Sie erinnerte sich an die Stunden mit ihrem Severus im See, Wehmut kam auf, sie musste ein Jahr auf ihn verzichten, hatte quasi sieben Monate Zeit Professor Snape zu Severus zu formen und das alleine nur mit Freundlichkeit, Fürsorge, Akzeptanz und Vertrauen.
Das wird eine harte Reise..., sie schüttelte den Kopf, verfluchte sich innerlich für ihren Plan, der so unüberlegt und hektisch erstellt worden war, dass sie 90% davon nicht bedacht hatte.

Severus dachte über ihre Worte nach, eine Zeitreise, sie konnte keine Zeitreise gemacht haben, außer sie hätte den Zeitumkehrer benutzt, warf seine innere Stimme ein, er schluckte.
Das Risiko wäre viel zu groß gewesen, zumal sie sich dann langsam wieder zu ihrem Ausgangspunkt hätte begeben müssen.
Er stand auf, ging ihr nach, er musste einfach die Wahrheit wissen, „Wie weit sind Sie in die Vergangenheit gereist?"
Sie sagte nichts, er würde ihr vermutlich sowieso nicht glauben.
„Miss Granger", er beugte sich zu ihr und keuchte, Hermine drehte sich panisch um, sprang auf und stützte ihn, brachte ihn vorsichtig zurück zum Zelt.
„Ruhen Sie sich aus.", forderte sie sanft, zog Schmerz und Aufpäppeltrank aus der Tasche und drückte sie ihm in die Hand.
„Wie weit?", fragte er rau, schluckte die helfende Medizin.
Sie musterte ihn, senkte dann den Blick, „ein Jahr", ihre Stimme war leise.
„Das ist nicht möglich", sagte er schnell, schüttelte aufgebracht den Kopf.

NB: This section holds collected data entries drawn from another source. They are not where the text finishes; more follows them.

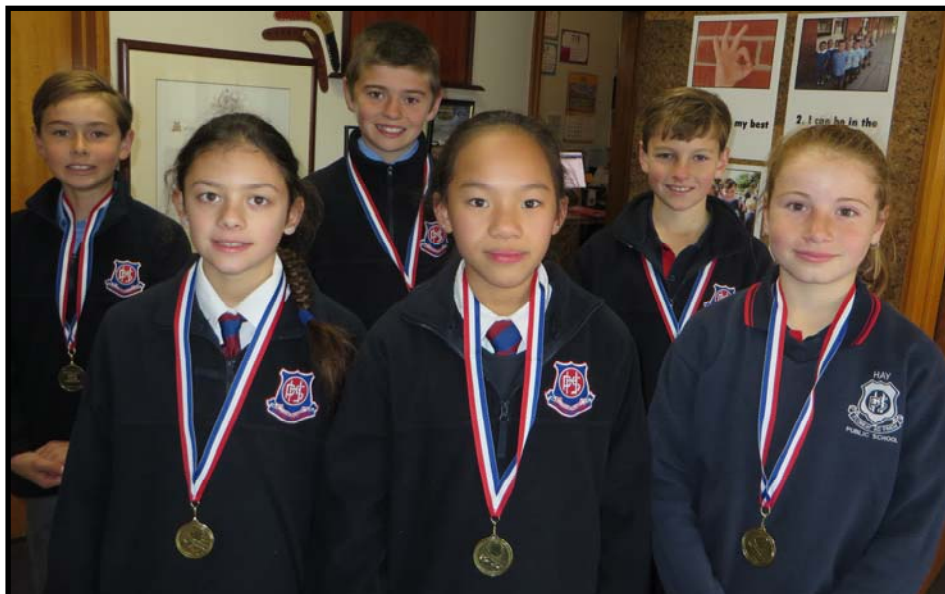
Athletics Age Champions
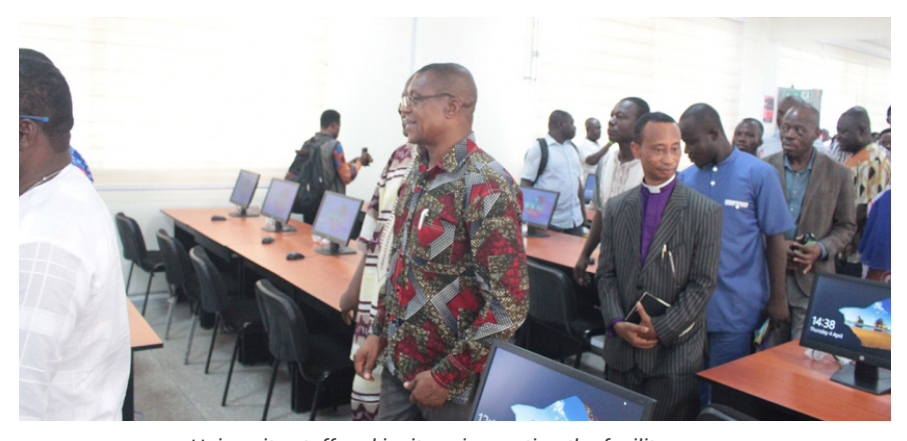
University staff and invitees inspecting the facility

This adds up to the existing ICT centre at the South Campus of the University and also serves as a source of great relief to UEW students who otherwise would have travelled on a daily basis to the University's South Campus for ICT lessons. The GH 500,000 ICT centre will also enhance teaching and learning as well as intensify research and academic work on campus.
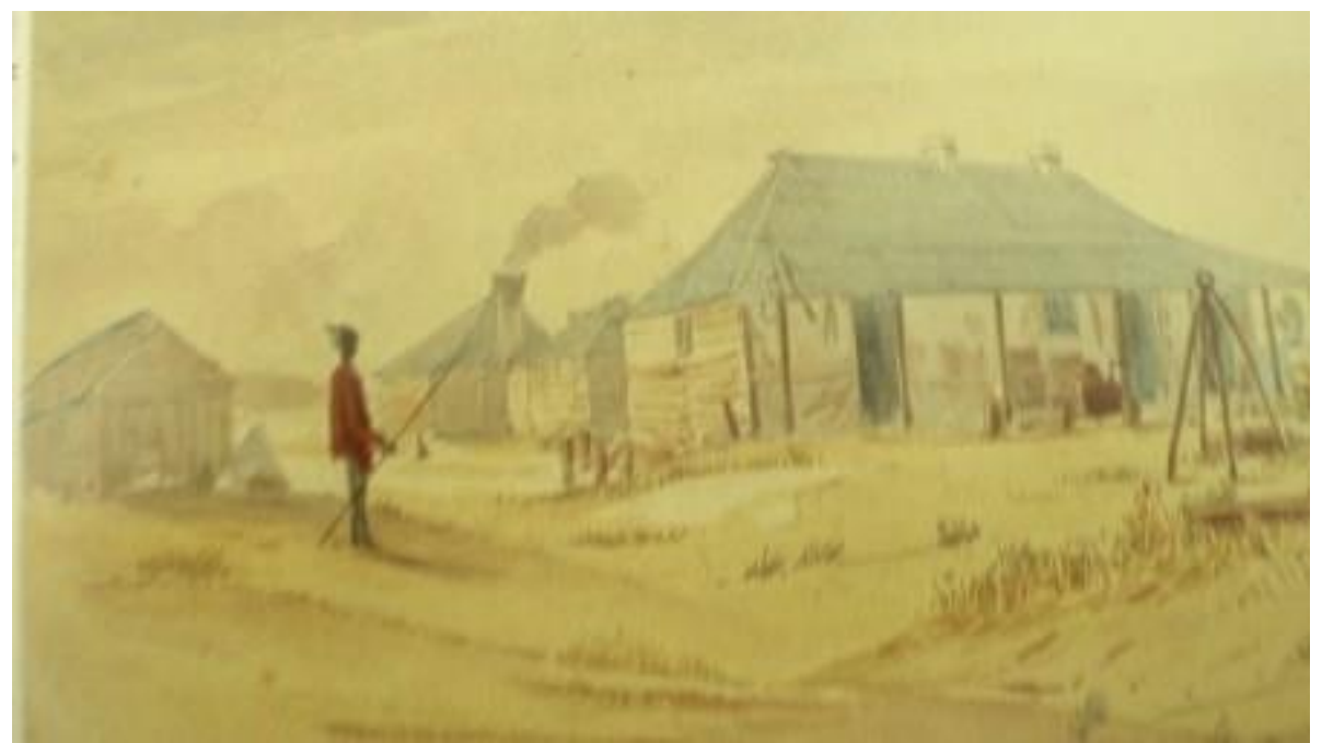
Pilot station Amity Point, by Owen Stanley

A pilot station was established at Pulan Pulan the following year in 1825, now renamed Amity Point by the Europeans.

„Ich lüge nicht", sie zog den kaputten Zeitumkehrer unter ihrem Oberteil hervor und hielt ihm die Überreste hin, „in einem Jahr werden Sie mich gerettet haben... dabei werden Sie verletzt. An diesem Morgen werde ich die Entscheidung treffen ein Jahr zurück zu reisen, um Sie zu retten."
„Warum?", war alles was er fragen konnte.
„Kommt Zeit, kommt Rat... Sie werden es bald wissen.", sie lächelte schief, verließ dann wieder das Zelt, „Ruhen Sie sich aus", wiederholte sie nochmal, setzte sich dann an das Seeufer und hing ihren Gedanken nach.
Severus wurde von Müdigkeit empfangen, er musste zugeben, dass Schlafen die beste Medizin war und gab sich ihr hin.